Sandrider

That’s not how you shotgun beer, guysThat’s not how you shotgun beer, guys

From the outset of the pulsing three-­count drum beats on “Ruiner,” the opening track on Godhead, the latest from Seattle-­based trio Sandrider, it’s clear the band means business and things are about to get loud—very loud.

And there’s only three of them. As the album continues, with thundering guitars and intense vocals, it’s hard to believe there aren’t more musicians in the fray creating the pummelling sonic cacophony unfolding. But noisy rock ‘n’ roll has always been the aim for Sandrider, a group made up of former Akimbo members Jon Weisnewski and Nat Damm (who have been playing together for more than a decade now) and Jesse Roberts of the Ruby Doe. For “pretty much a local band that plays around Seattle” as singer/guitarist Weisnewski puts it, Godhead—the second release for Sandrider—has done well since dropping in November, receiving positive feedback locally as well as in Europe and parts of Asia.

“We didn’t really consciously work on trying to do anything new,” Weisnewski says. “We had every intention of making another record after the first one came out, so it was just a matter of practicing the songs, writing the songs and getting a good chunk of songs together that we felt good about recording. We have every intention of releasing another record at some point. This one’s still pretty new, so we haven’t hit the writing board to write any new songs.”

Godhead, which once again enlisted Matt Bayles (Minus the Bear) as producer, may be new for listeners, but it’s been around for about five or six months prior to its release. Sandrider was backed by up­-and-­coming Seattle label Good to Die records for the second time, and it was just a matter of getting the album in line.

“Nik [Christofferson] had a couple releases that he already had lined up that he wanted to make sure he had released, and he’s pretty good at making sure all of his releases are spaced out so he can put all of his PR efforts on one record at a time as opposed to having to divide his attention. So it was more like we finished our record and it got in line for the Good to Die roster,” Weisnewski says with a laugh.

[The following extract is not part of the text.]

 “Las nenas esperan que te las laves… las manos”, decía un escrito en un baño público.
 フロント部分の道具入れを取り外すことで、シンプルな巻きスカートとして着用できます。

As far as Godhead’s content goes, things are kept simple. There’s no complicated mission statement behind the lyrics or concept—it’s just straight ­up rock ‘n’ roll.

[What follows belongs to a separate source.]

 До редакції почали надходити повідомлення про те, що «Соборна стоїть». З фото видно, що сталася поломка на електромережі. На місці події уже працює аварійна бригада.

“There’s not really any conscious things like, ‘I need to express something or get it out there,” Weisnewski adds. “We just really like playing loud rock ‘n’ roll and those songs are loud rock ‘n’ roll, so they give us the opportunity to do that. So yeah, it’s less about trying to express something and trying to make a statement more of let’s just make some good, loud rock songs and go play them for people who like that kind of music.”